Going through the material below, output exactly the lines from the one containing "𝐂𝐞𝐥𝐢𝐧𝐞 Sangle Seau" through the one containing "Plecak został wyprodukowany", and no pictures.

═════ Data provided ═════

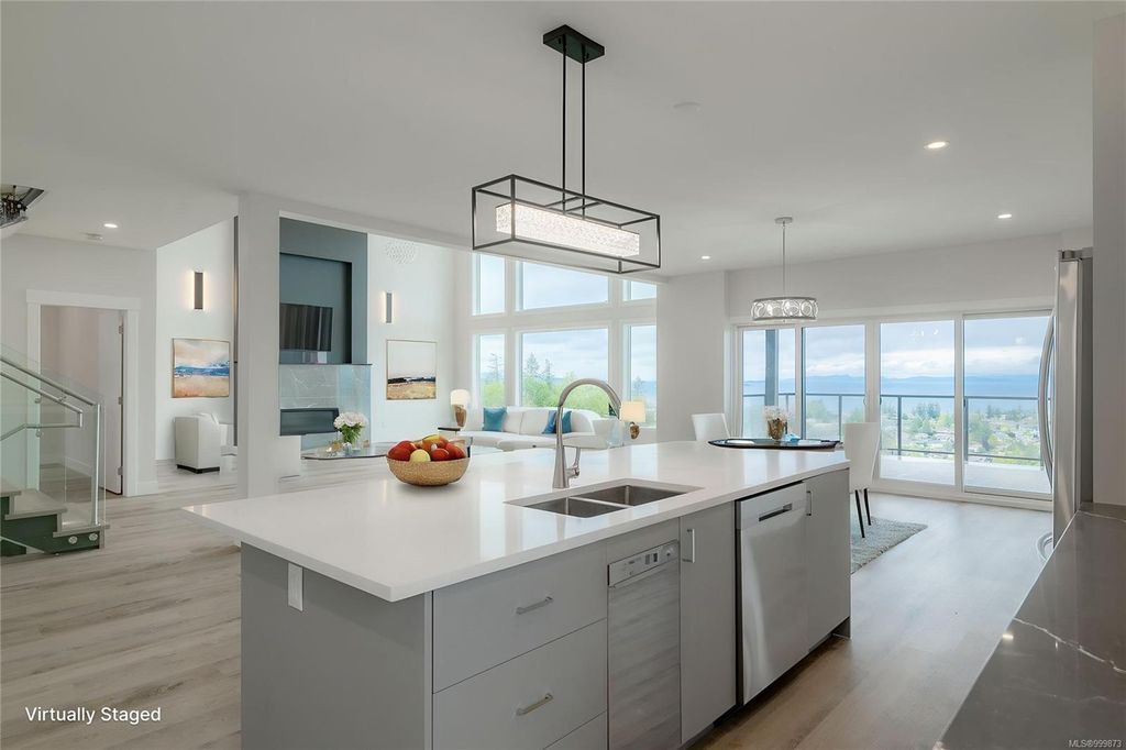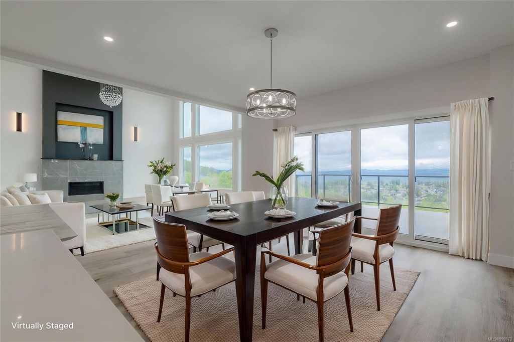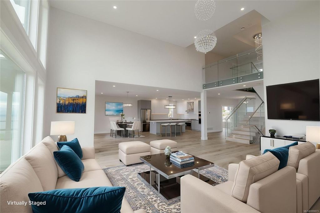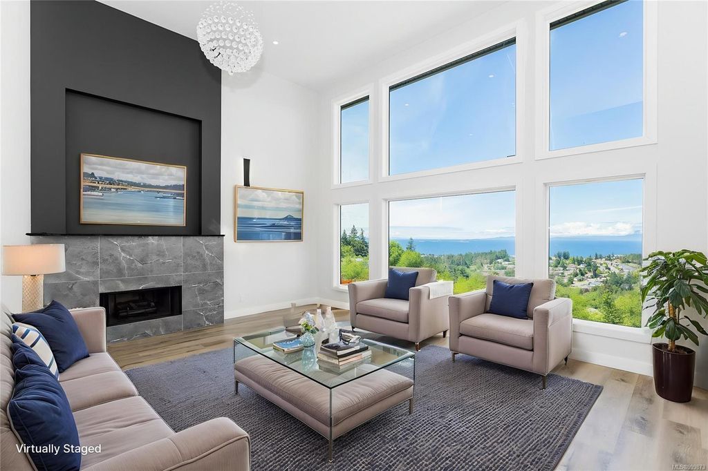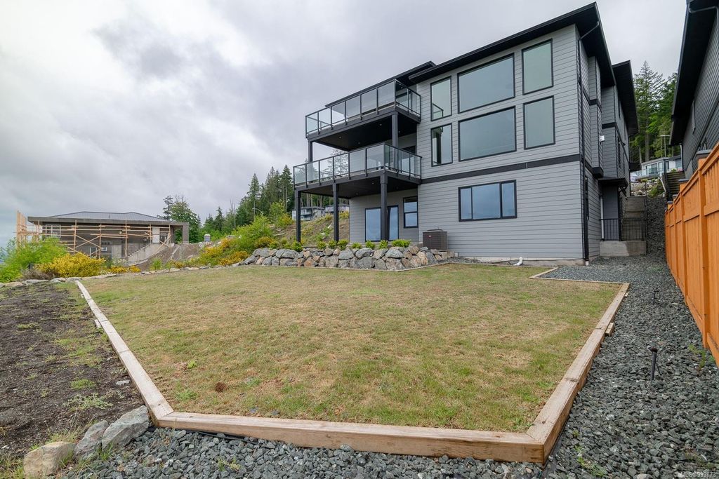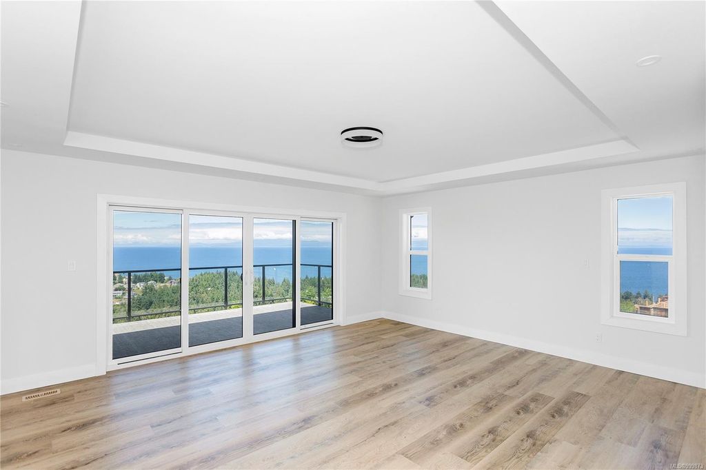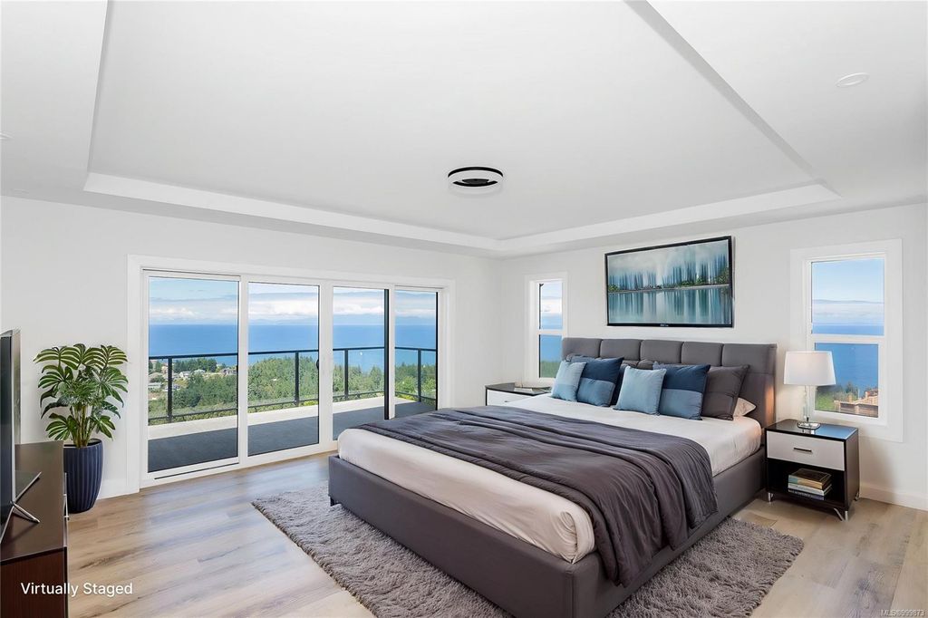 This stunning home is situated on top of Laguna Height's newest subdivision, offering breathtaking panoramic ocean views and a bonus 2 bed suite. Spread across 5,410sqft, this custom designed home boasts 7 beds and 7 baths, providing ample space for a large family or for accommodating guests. The great room on the main level features impressive 16' ceilings along with a towering glass wall that overlooks the straight of Georgia & the majestic mainland mountains. The heart of the home lies in this massive open concept main living area where the dining, living and kitchen seamlessly connect. A guest room, 3 pc bath and office complete the main floor. 3 beds, each with their own ensuite, are located on the upper level as well as a large bonus room. On the lower level you will find a theater room, another bed, 4 pc bath and the 2 bed suite. Enjoy the ever-changing oceanscape that can be viewed from the numerous covered sundecks or from your backyard.
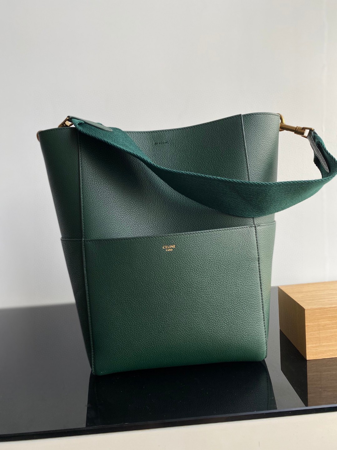 𝐂𝐞𝐥𝐢𝐧𝐞 Sangle Seau Bucket Bag. Genuine factory original leather, Togo calfskin using stitching craftsmanship, inner suede lining, thick shoulder strap woven from wool, featuring a small hidden compartment inside and four large pockets on the outside. Practical and stylish, completely irresistible. Dimensions: Large 23✖️33✖️17
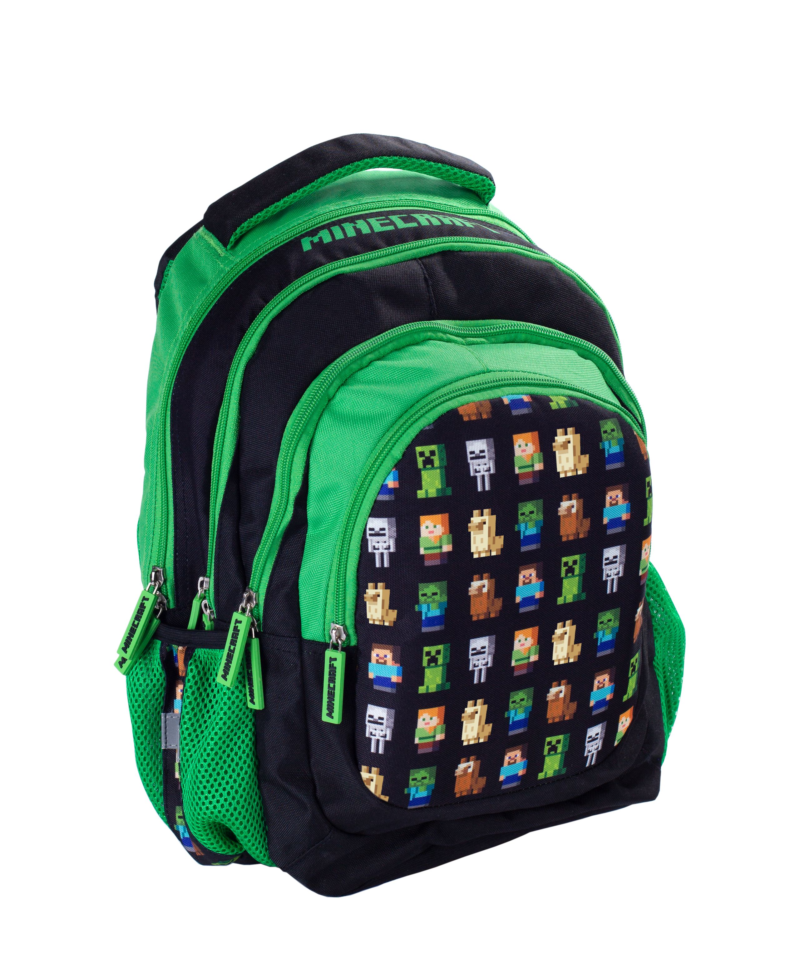 Plecak został wyprodukowany przez renomowaną firmę Astra. Czterokomorowy plecak idealny do szkoły czy na wycieczki. Plecak w zielono-czarnej kolorystyce i z motywami najpopularniejszych bohaterów gry. Główna komora pomieści format A4, a w środku znajdziemy miejsce na laptop czy tablet. W środku znajduje się również mała kieszonka wyściełana polarem. W mniejszej kieszonce specjalne przegródki na zeszyt, długopisy i inne drobiazgi oraz przywieszkę na klucze. Plecak posiada również 2 dodatkowe boczne kieszenie na gumkę. Poręczne przywieszki z logiem Minecraft ułatwiające otwieranie. Odblaskowe elementy sprawią, że uczeń będzie widoczny w każdych warunkach. Usztywniany tył zachowuje stabilność przez co wymusza zachowanie prawidłowej postawy oraz zapobiega uciskom. Wyprofilowane plecy pokryte są oddychającą pianką. Dzięki szerokim, profilowanym i regulowanym szelkom, można go w prosty sposób dopasować do pleców. x
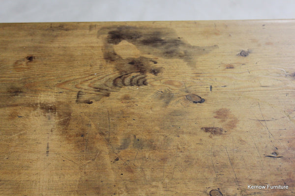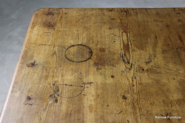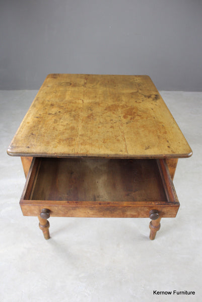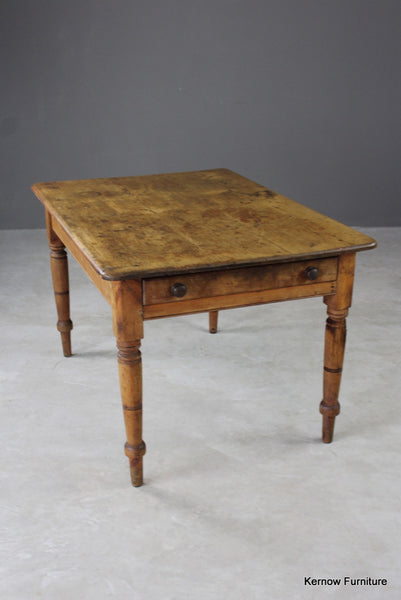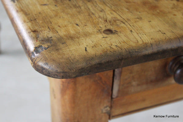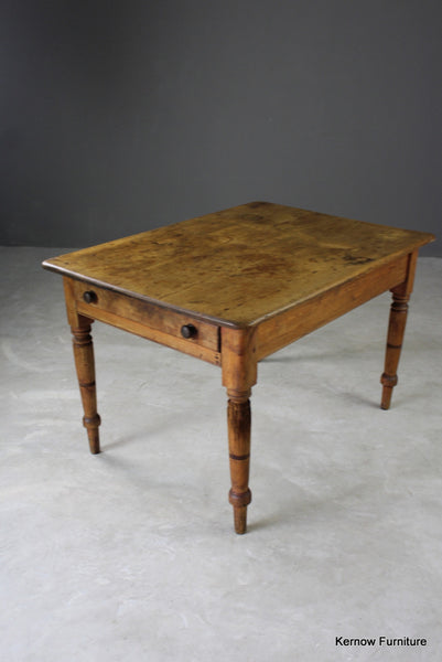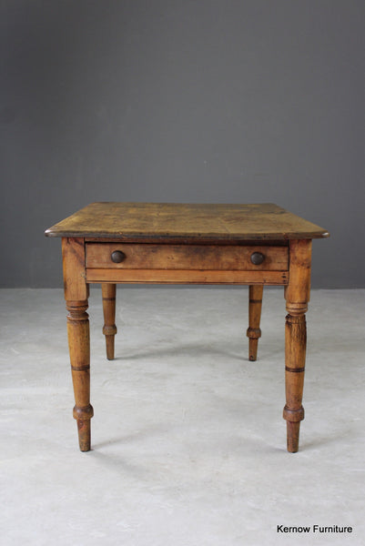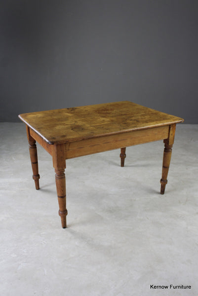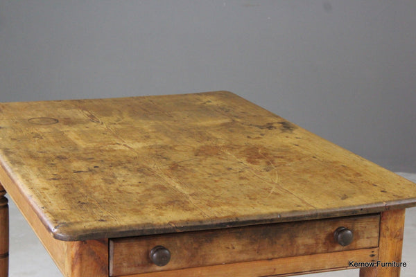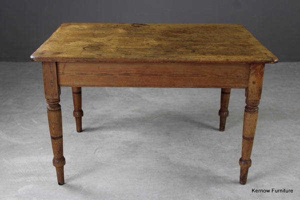 Antique Victorian pine kitchen table. Rustic waxed pine kitchen table with single frieze drawer in one end on turned legs.

═════

• _Solved problem_:
 𝐂𝐞𝐥𝐢𝐧𝐞 Sangle Seau Bucket Bag. Genuine factory original leather, Togo calfskin using stitching craftsmanship, inner suede lining, thick shoulder strap woven from wool, featuring a small hidden compartment inside and four large pockets on the outside. Practical and stylish, completely irresistible. Dimensions: Large 23✖️33✖️17
 Plecak został wyprodukowany przez renomowaną firmę Astra. Czterokomorowy plecak idealny do szkoły czy na wycieczki. Plecak w zielono-czarnej kolorystyce i z motywami najpopularniejszych bohaterów gry. Główna komora pomieści format A4, a w środku znajdziemy miejsce na laptop czy tablet. W środku znajduje się również mała kieszonka wyściełana polarem. W mniejszej kieszonce specjalne przegródki na zeszyt, długopisy i inne drobiazgi oraz przywieszkę na klucze. Plecak posiada również 2 dodatkowe boczne kieszenie na gumkę. Poręczne przywieszki z logiem Minecraft ułatwiające otwieranie. Odblaskowe elementy sprawią, że uczeń będzie widoczny w każdych warunkach. Usztywniany tył zachowuje stabilność przez co wymusza zachowanie prawidłowej postawy oraz zapobiega uciskom. Wyprofilowane plecy pokryte są oddychającą pianką. Dzięki szerokim, profilowanym i regulowanym szelkom, można go w prosty sposób dopasować do pleców. x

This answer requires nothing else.